22. Но стоитъ труда разсмотрѣть все это мѣсто изъ Апостола съ удвоеннымъ вниманіемъ. О Тимоѳее, говоритъ онъ, преданіе сохрани, уклоняяся скверныхъ повизнъ словъ. — О! Восклицаніе это означаетъ и предвѣдѣніе, и любовь: Апостолъ предвидѣлъ имѣвшія быть заблужденія и напередъ ихъ оплакалъ. Кто теперь Тимоѳей, если не вся вообще Церковь, или не все въ частности сословіе ея предстоятелей, которые какъ сами обязаны блюсти, такъ и другимъ должны сообщать неповрежденное знаніе божественной вѣры?
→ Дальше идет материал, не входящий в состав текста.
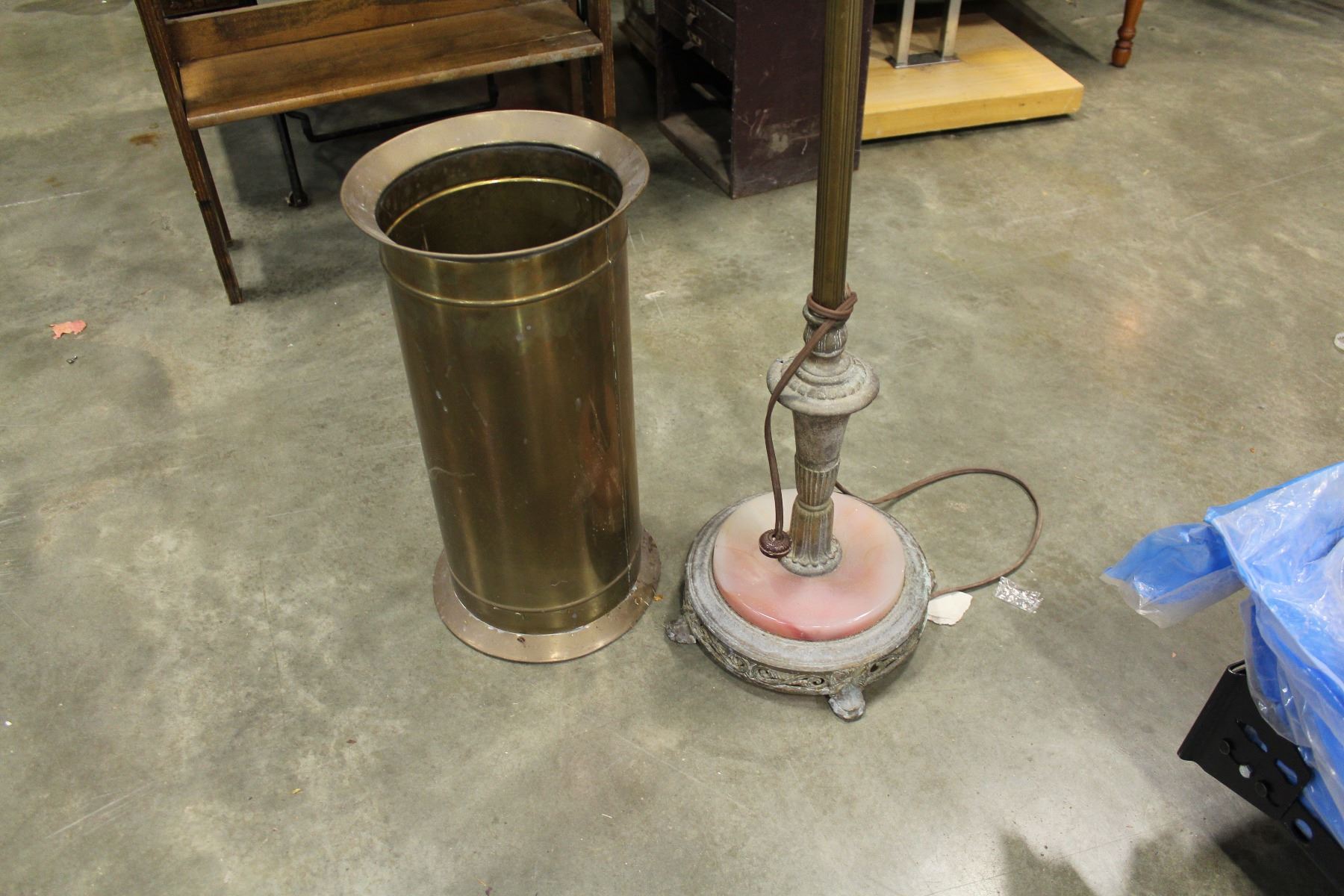 BRASS UMBRELLA STAND AND FLOOR LAMP
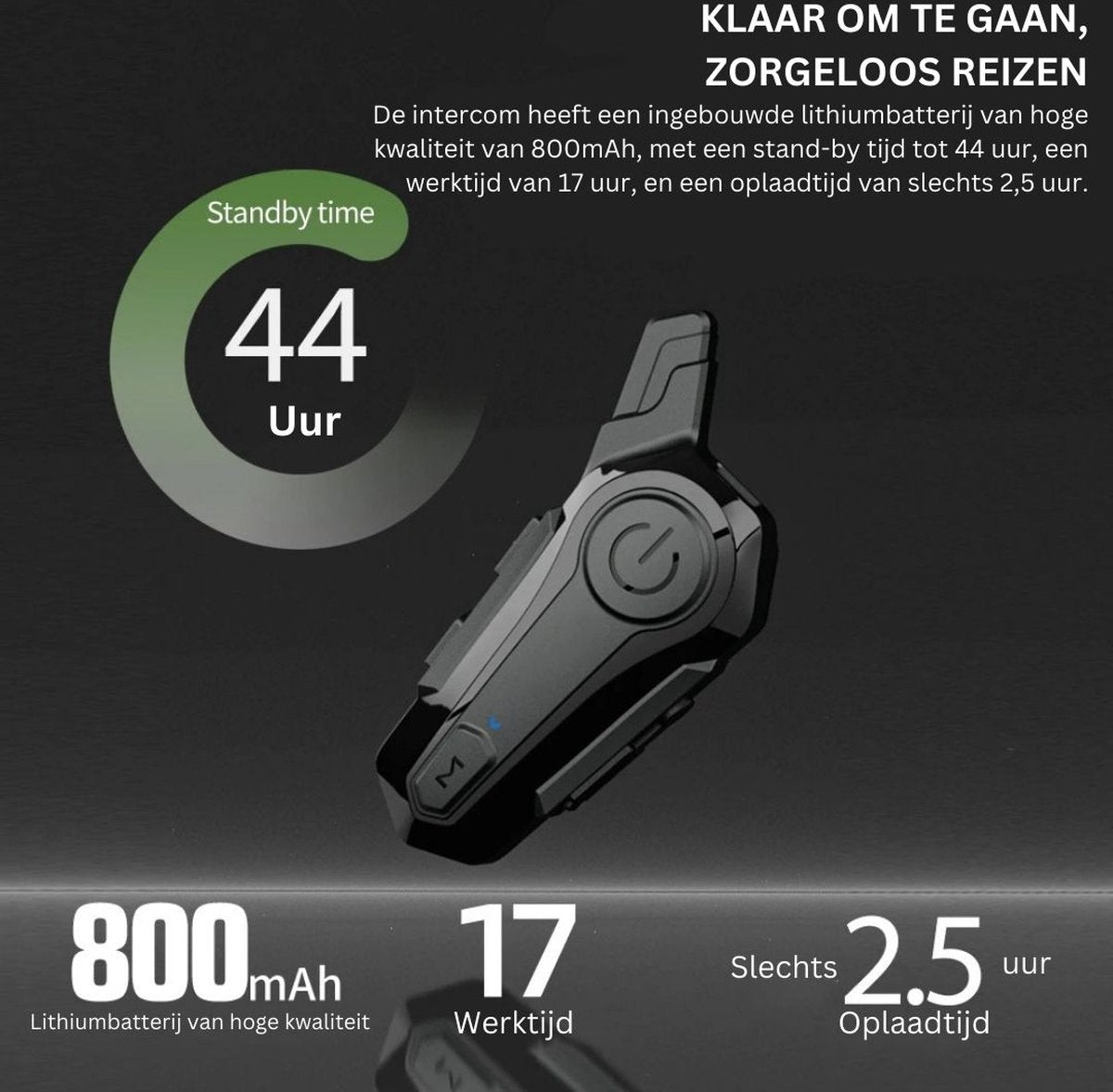 Wil je tijdens het motorrijden ook bellen? Met deze intercom wordt dat super eenvoudig! Veilig en comfortabel in contact blijven, zonder je aandacht van de weg te halen. Mis geen enkel moment, zowel op als naast de motor!
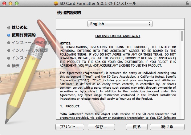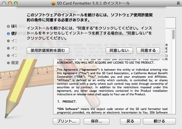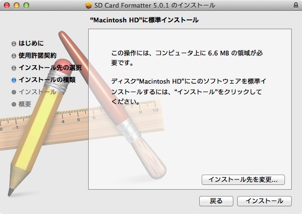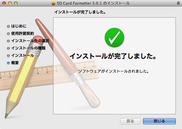 インストーラー Install SD Card Formatter 5.0.1.mpkg がダウンロードされる
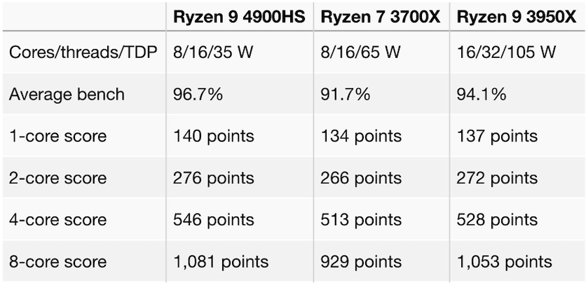 Мобильный процессор набрал 1081 балл по итогу общего тестирования, в то время как его оппоненты – немного меньше. У Ryzen 9 3950X – 1053 балла, а у Ryzen 9 3950X – всего 929.
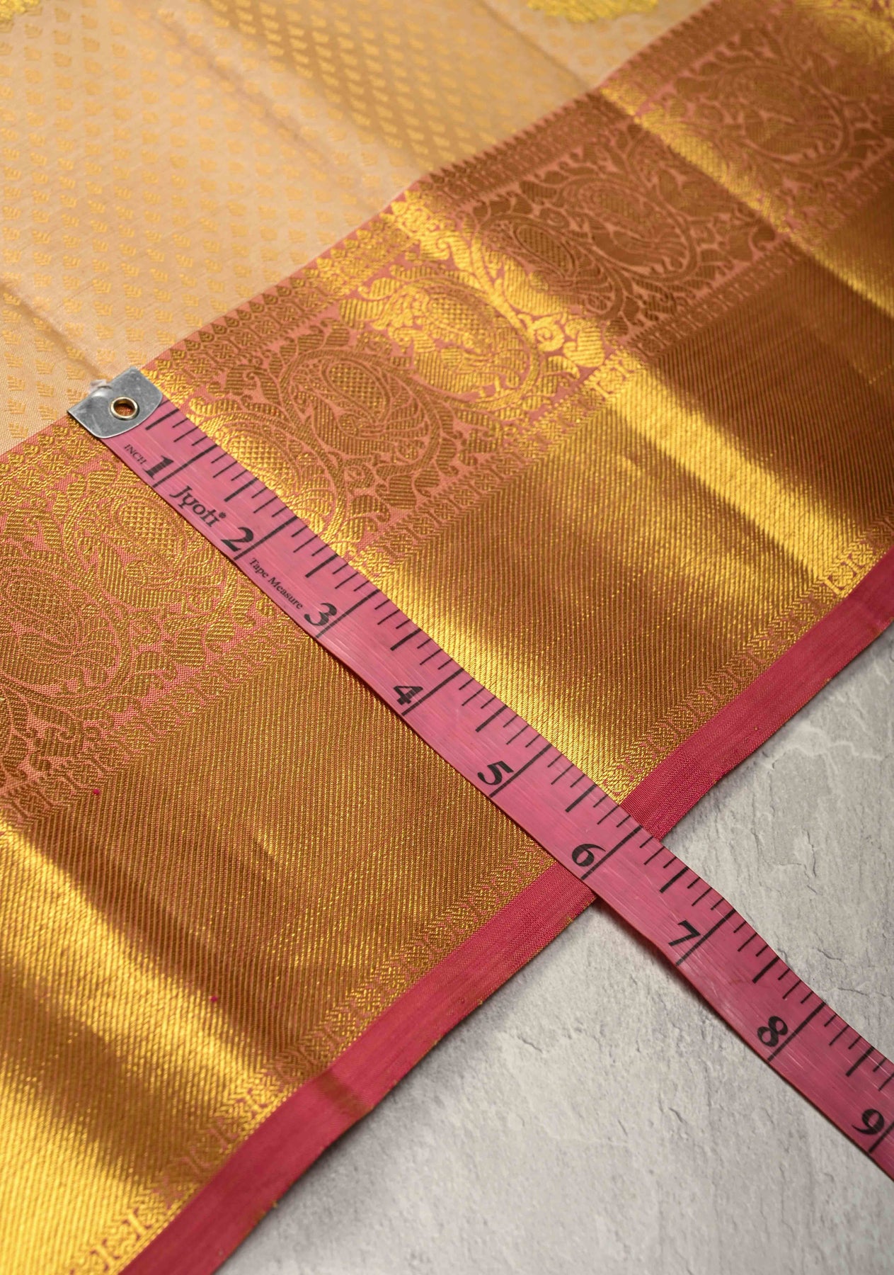 Cream Dual tone Self Brocade on Kanjivaram Pure Silk Saree with Zari Buttas and Zari Border | SILK MARK CERTIFIED
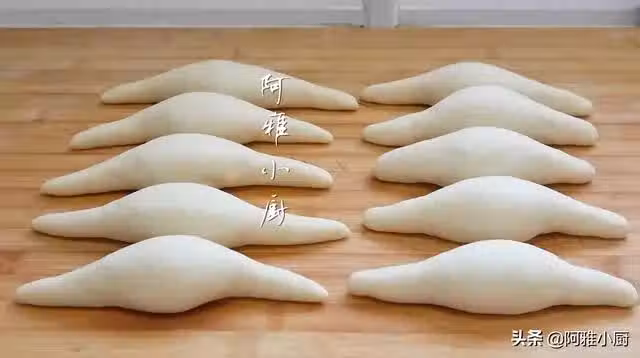 5.把劑子搓成中間粗兩頭尖的形狀,再擀薄,然後從一頭捲起來,最後的頭壓在下面,豎著按扁,這樣就行了,擀成一個小薄餅,全部做好蓋上保鮮膜二次發酵20分鐘。
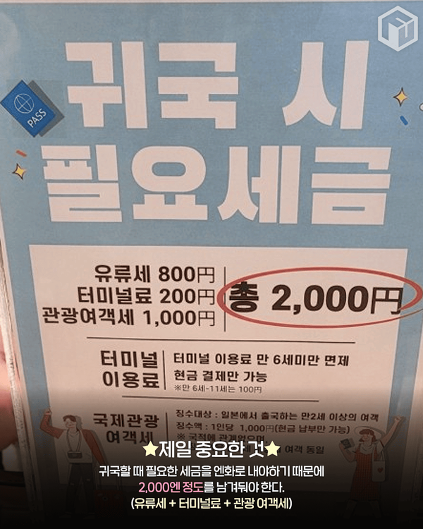 ✅여행이 끝나도 최소 2,000엔 필요! (귀국 시 입출국 세금)
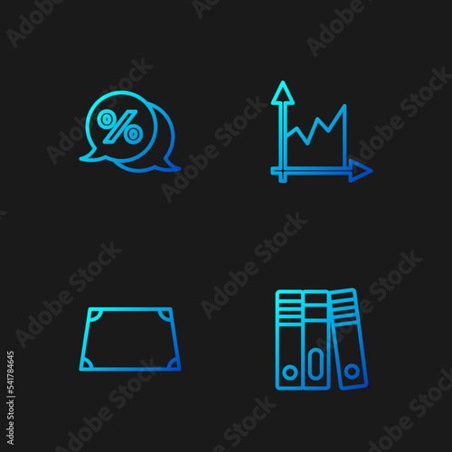 Set line Office folders, Acute trapezoid shape, Discount percent tag and Graph, schedule, chart, diagram. Gradient color icons. Vector
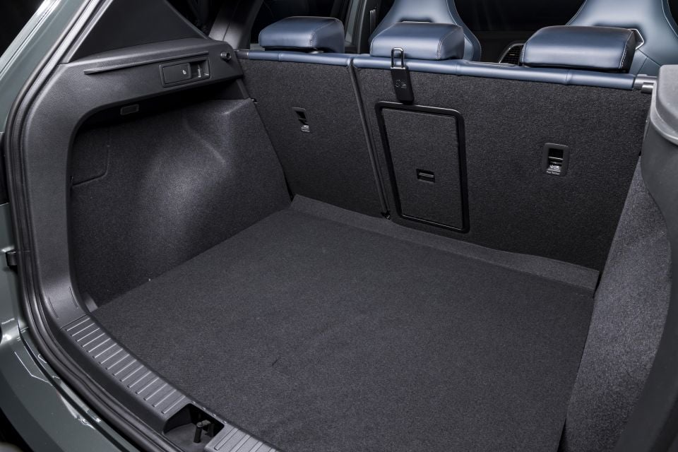 There isn’t a whole lot going on in the cargo area, other than a few cargo hooks and additional cubbies for loose items. If you need more space, the rear seats split 60:40 and fold almost flat to extend the cargo floor, while there’s a central passthrough to fit longer items while keeping the rear outboard seats in use.
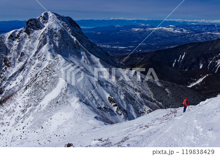 厳冬の八ヶ岳・赤岳へ向かう登山者
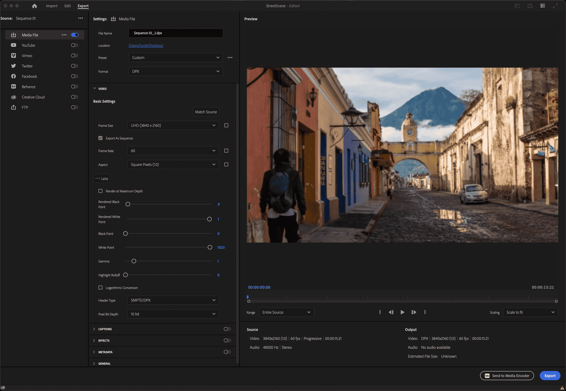 There are many production tools that are capable of exporting DPX image files, but Adobe Creative Suite applications such as Premiere, After Effects, and Media Encoder are certainly some of the most popular tools used for video workflow. This is a quick guide on how to export DPX files that are compatible with the BX-4KU.
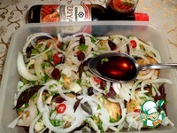 Приготовить соус-маринад. Развести в воде соль и сахар, добавить уксус (у меня яблочный), соевый соус ТМ Киккоман Террияки, перемешать. Пробуйте и все регулируйте по своему вкусу. |
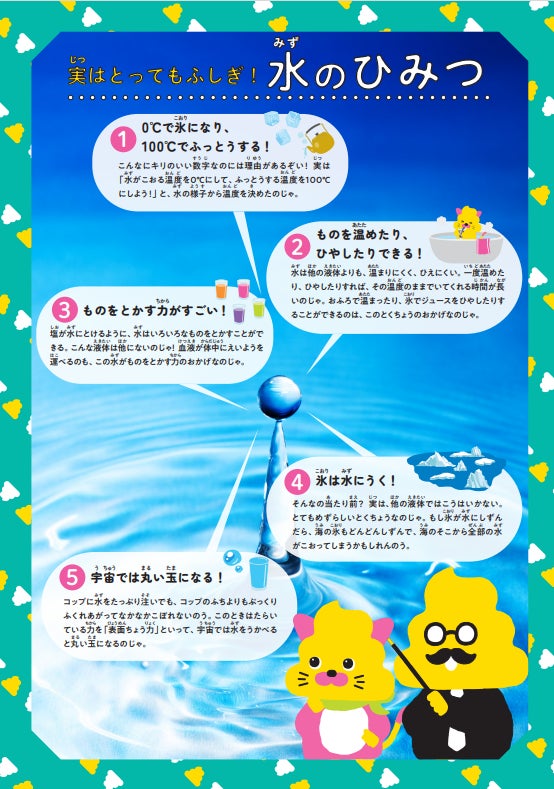 さらに「水のひみつ」のコンテンツでは、水に関するトリビアを5つ紹介しています。これを読んだ子どもたちが、いつか水博士になることを願っています。
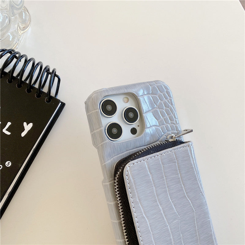 Luxury Crossbody Crocodile Skin iPhone Case – Zipper Wallet, Card Holder, Shockproof Protection, and Elegant Design for Secure & Stylish Convenience
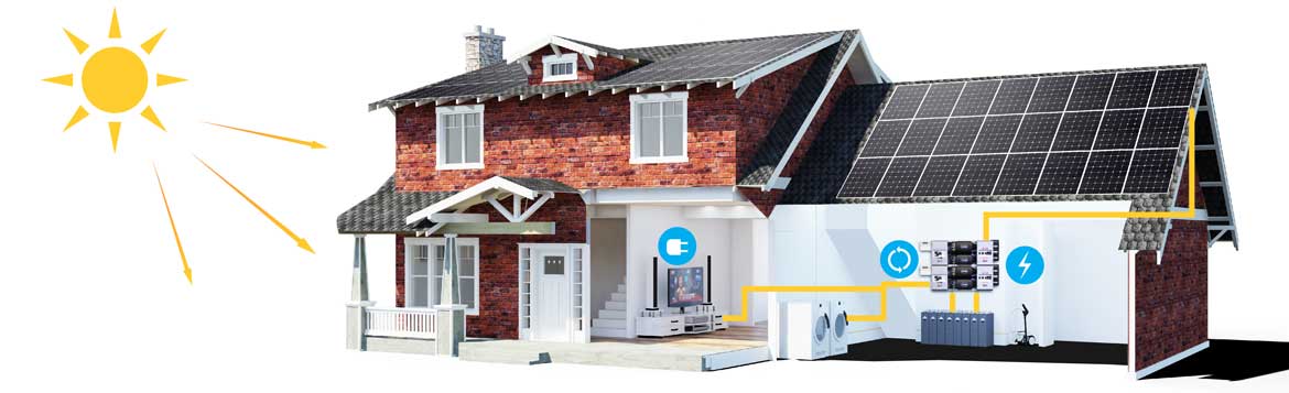 الضوئية (PV) الألواح الشمسية لتحويل ضوء الشمس إلى تيار مباشر (DC) الكهرباء، وهو ما يتم تغذيتها من خلال العاكس للطاقة الشمسية لخلق صالحة للاستعمال التيار المتردد (AC) الكهرباء. ثم يتم إرسال الكهرباء AC لوحة مفاتيح، حيث يتم إرسالها إلى الأجهزة المنزلية التي تستخدم الكهرباء في ذلك الوقت، ويتم إرسال أي الكهرباء الفائضة للبنك البطارية لإعادة شحنه.
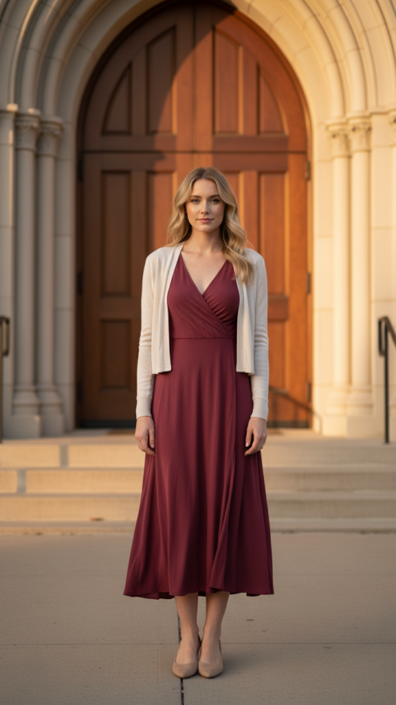 Select dress lengths ranging from knee to midi in neutral yet rich hues like maroon, forest green, or navy to maintain versatility. Pair with classic flats or modest heels, and layer with a cardigan when temperatures dip during services.
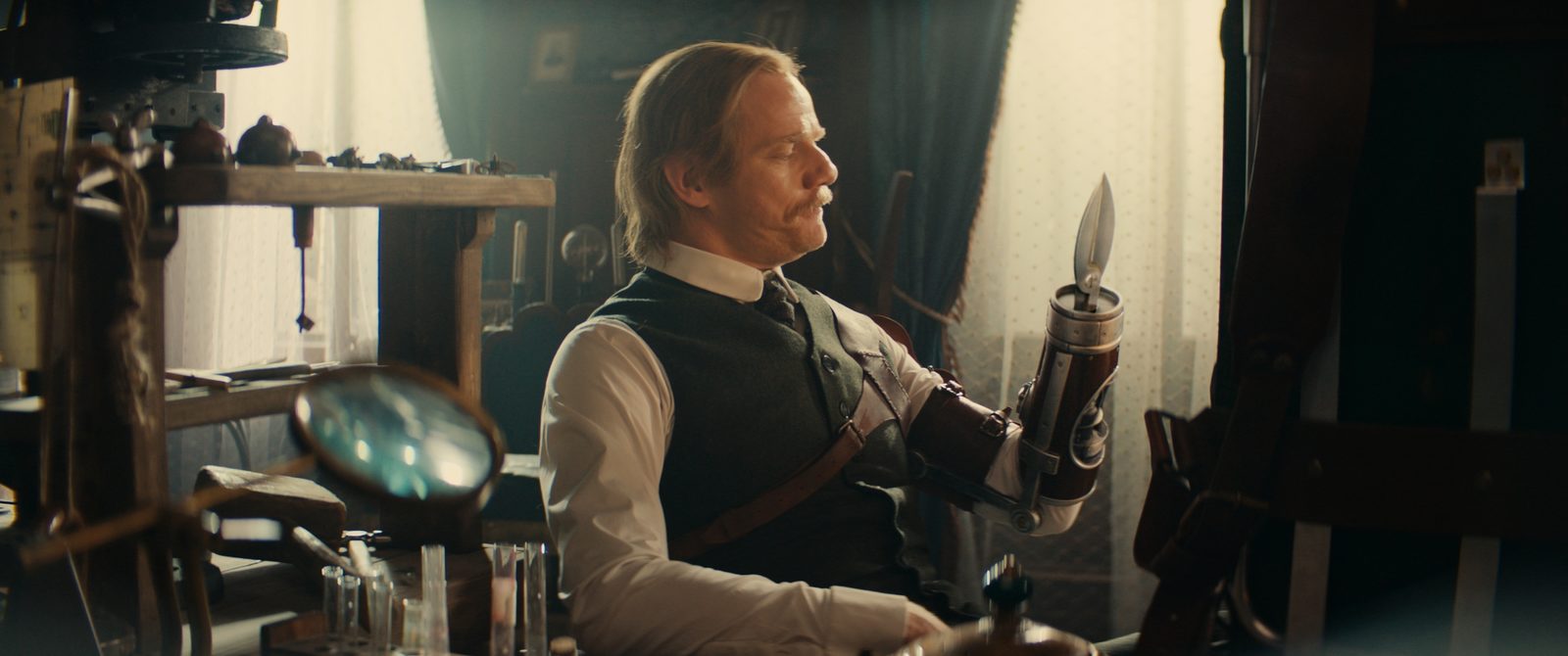 Куликов создал интересный мир, за которым хочется наблюдать. Это XIX век, но с очень продвинутыми технологиями, которые иногда даже граничат с фантастикой. Правда, есть нюанс: его недостаточно раскрыли, не совсем понятны его правила и порядки. То, что Левша создал волососушку (фен), кардольки (картофель по-деревенски), у него не дом, а склад Инспектора Гаджета - это забавно. Одна из важных фишек героя – необычный протез вместо правой руки, в который миллион различных предметов: от штопора до молотка. И ты весь фильм ждешь, когда это пригодится, но… этого просто не случается. Ни одной сцены, когда он используется эту фишку. Чеховское ружье так и осталось висеть на стене.

Что значитъ: преданіе сохрани? Значитъ: сторожи, потому что есть воры, есть враги, — чтобы между добрымъ сѣменемъ пшеницы, которое посѣялъ на полѣ своемъ Сынъ Человѣческій, не посѣяли они, когда спятъ люди, плевелъ (Матѳ. 13, 37-39). Преданіе, говоритъ, сохрани. Что такое преданіе? То, что тебѣ ввѣрено, а не то, что тобою изобрѣтено, — то, что ты принялъ, а не то, что ты выдумалъ, — дѣло не ума, но ученія, не частнаго обладанія, но всенародной передачи, — дѣло, до тебя дошедшее, а не тобою открытое, въ отношеніи къ которому ты долженъ быть не изобрѣтателемъ, но стражемъ, не учредителемъ, но послѣдователемъ, не вождемъ, но ведóмымъ. Преданіе, говоритъ, сохрани, то есть, талантъ вѣры вселенской сбереги въ цѣлости и неповрежденности. Чтó тебѣ ввѣрено; то пусть и остается у тебя, тó ты и передавай. Ты получилъ золото; золото и отдавай. Не хочу, чтобы ты мнѣ подкидывалъ вмѣсто одного другое; не хочу, чтобы вмѣсто золота подставлялъ ты нагло свинецъ, или обманно — мѣдь; не хочу золота по виду, давай его натурой. О Тимоѳее, — о пастырь, о писатель, о учитель! Если дарованіе Божіе содѣлало тебя способнымъ по уму, по образованію, по учености; то будь Веселіиломъ духовной скиніи: полируй драгоцѣнные камни божественнаго догмата, прилаживай ихъ вѣрно, распредѣляй ихъ мудро, придавай имъ блеска, граціи, прелести. Старайся, чтобы, вслѣдствіе твоего болѣе яснаго изложенія, яснѣе разумѣли то, во что прежде вѣрили не такъ ясно. Достигай, чтобы потомство съ сознаніемъ славословило то, что прежде древность чтила несознательно. Но — учи тому, чему тебя научили, и, говоря ново, не скажи новаго! 

Прогрессъ догматики.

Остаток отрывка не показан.